Actual quote from the bandit with the gold tooth in "Treasure of the Sierra Madre."

'Badges? We ain't got no badges. We don't need no badges! I don't have to show you any stinkin' badges!'


----------



## brudgers

Re: User names ?

"brudgers" - follow this link.


----------



## JBI

Re: User names ?

Cute Ben. Only now, the 'stupid people' who followed your link not only know who you are, but where to find you... :roll:

Didn't work with 'Kilitact' though...


----------



## Alias

Re: User names ?

Way back in my beginning forays into the wonderful worldwide web, I joined a mailing list for fans of the tv show Xena at my then hubby's urging.  Well, trying to stay anonymous, I used Alias and it has stuck.  I was also on the old SBCCI BB as Alias.

The origin of the moniker comes from a character in the movie 'Pat Garrett and Billy the Kid' that starred Kris Kristofferson, James Coburn, and Bob Dylan as Alias.

http://movies.nytimes.com/movie/37399/P ... d/overview

As I have lived in the west a majority of my adult life and have seen Bob Dylan live in concert, it seemed appropriate.

Sue, UBC, CBC, IBC, CMC


----------



## fw.

Re: User names ?

Just my first and last initials, had it on the old Bulletin Board too.


----------



## brudgers

Re: User names ?



			
				John Drobysh said:
			
		

> Cute Ben. Only now, the 'stupid people' who followed your link not only know who you are, but where to find you... :rollidn't work with 'Kilitact' though...


If someone who wanted to find me didn't start in that way, they'd probably slip and fall to their death in a puddle of their own drool.


----------



## RickAstoria

Re: User names ?

Yes Ben, already knew from your website.


----------



## beach

Re: User names ?

Mine is obvious......


----------



## beach

Re: User names ?

My guess is that Peach is from Georgia?


----------



## FyrBldgGuy

Re: User names ?

A few years ago I was naive enough to believe that working at the state level was a good idea.  So I took a job as the Chief of Fire Safety for a state.  They promoted me to a level where I was responsible for all inspections including building, plumbing, septic, state OSHA, etc.

I left that state program when a new governor was elected and his first task was to eliminate state employees and outsource all inspections.  When they pushed me to develop programs where inspectors with 20-30 years experience were supposed to become auditors for outsourced inspection companies I decided to leave the state.

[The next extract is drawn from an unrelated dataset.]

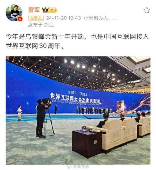 雷军现身世界互联网大会乌镇峰会,周鸿祎点赞雷军:行业里三十年的劳模,厚积薄发!
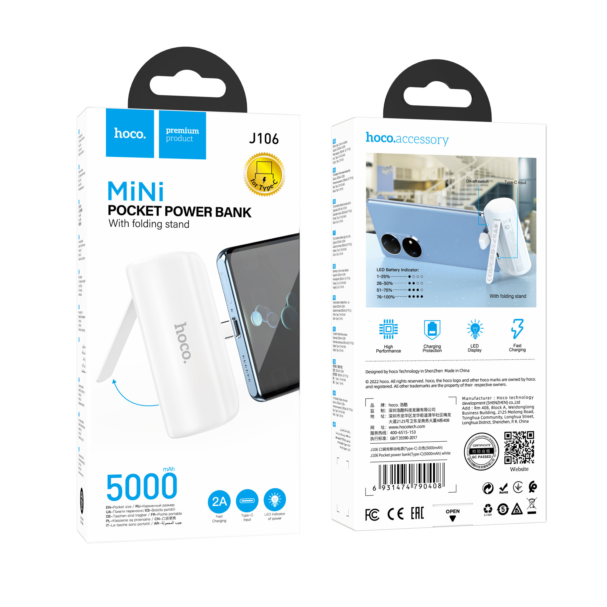 Купить Внешний аккумулятор повербанк Power bank HOCO J106 Mini для Type-C 5000mAh белый с подставкой / Портативное зарядное устройство для телефона

Historically, the fire inspectors and building inspectors did not get along with each other.  I tried to develop a program that would bring both groups together.  Worked like oil and vinegar.  Through the years I have been responsible for fire safety programs and building inspection.  So as not to offend I used both in my user name.  But Fire always comes first with me.  The Guy part was just...  to say I was a guy.


----------



## FyrBldgGuy

Re: User names ?

Oh and yes because I left a state program and had pi&&ed off so many people I try not to use my real name or likeness.


----------



## FM William Burns

Re: User names ?



> Historically, the fire inspectors and building inspectors did not get along with each other.


That really ticks me off too and I also strive to alleviate this persona and attitude.  (Topic for other discussion)

Kudos to you *FBG* for the efforts and some minds think alike................sorry back to point


----------



## pwood

Re: User names ?

[quote="FyrBldgGuyHistorically, the fire inspectors and building inspectors did not get along with each other.

    as building official and fire marshall i can relate to that. constant disagreement with myself. my name is also self explanatory!


----------



## beach

Re: User names ?

Pwood,

Every time I see your name it reminds me of my (ex) brother in-law, his nickname was p-wood...... most folks that are into hotrods know who he is.... http://www.rodandcustommagazine.com/the ... index.html


----------



## MarkRandall

Re: User names ?

"rktect 1" You just typed in random letters? I'm jealous...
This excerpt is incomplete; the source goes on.